Texto baseado no relato de acontecimentos, mas contextualizado a partir do conhecimento do jornalista sobre o tema; pode incluir interpretações do jornalista sobre os fatos.

Confusão e briga de egos na Disney devem esquentar com resultados ruins

Crescimento do Disney+ decepciona mercado - Imagem: Mika Baumeister/Unsplash
Crescimento do Disney+ decepciona mercado Imagem: Imagem: Mika Baumeister/Unsplash
Guilherme Ravache

Guilherme Ravache é consultor digital. Jornalista com passagens pelas redações da Folha de S. Paulo, Revista Época e Editora Caras. Foi diretor de atendimento da Ideal H+K Strategies e gerente sênior de comunicação e marketing de relacionamento da Diageo.

Colunista do UOL

13/05/2021 20h38

Resumo da notícia

  • Em meio às notícias de crescentes disputas internas, Disney divulga resultados com prejuízo em parques e desaceleração do Disney+
  • O lendário CEO Bob Iger está de saída e em seu lugar entrará Bob Chapek; os dois executivos não se entendem e há uma guerra de egos entre executivos
  • Uma reorganização das lideranças tinha o objetivo de integrar as equipes, mas gerou confusão dentro e fora da empresa
  • Analistas afirmam que a empresa deveria se desfazer dos negócios de TV tradicional, vendendo a ESPN e a ABC
  • A Netflix também sofreu com a desaceleração do número de novos assinantes no início deste ano

A Disney anunciou nesta quinta-feira seus resultados operacionais de seu segundo trimestre fiscal. E as notícias não foram boas. A empresa adicionou apenas 8,7 milhões de assinantes ao Disney +, encerrando o trimestre com 103,6 milhões de assinantes, em comparação com 94,9 milhões em 2 de janeiro.
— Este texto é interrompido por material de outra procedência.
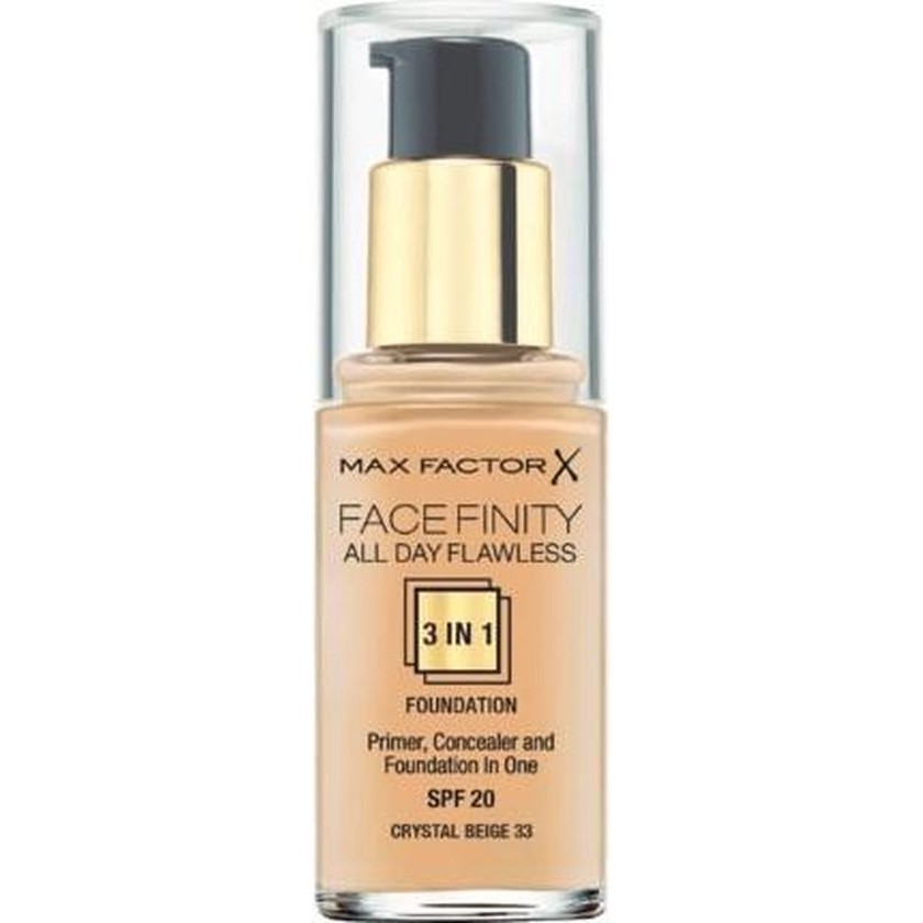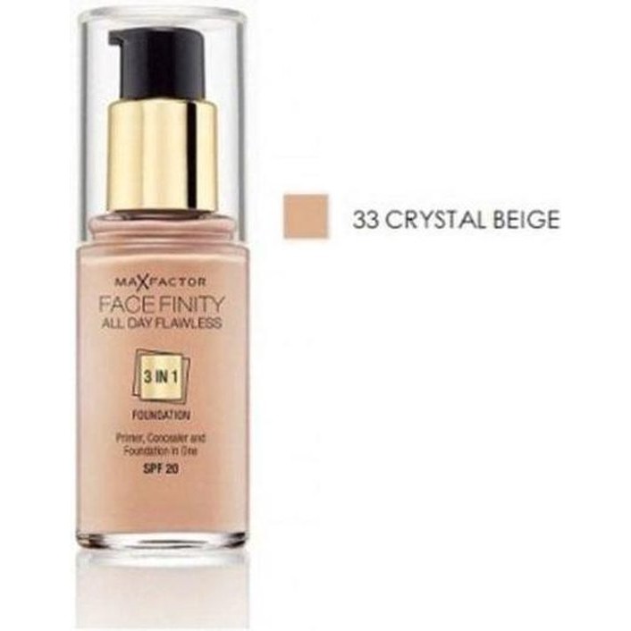 Max Factor Facefinity 3 In 1 Primer Concealer And Foundation Spf20 33 Crystal Beige 30ml

Analistas esperavam 109,3 milhões de assinantes.

Já no segmento de parques houve prejuízo operacional. A pandemia forçou atrações da Disney e resorts da empresa a seguirem fechados ou operando com capacidade reduzida. A queda de receita em comparação com o ano anterior foi de 44%. Essa divisão relatou um prejuízo de US$ 406 milhões.

Em geral, a receita total da Disney caiu 13% em relação ao mesmo período de 2020, ficando em US$ 15,61 bilhões. A expectativa do mercado era um número próximo a US$ 16 bilhões.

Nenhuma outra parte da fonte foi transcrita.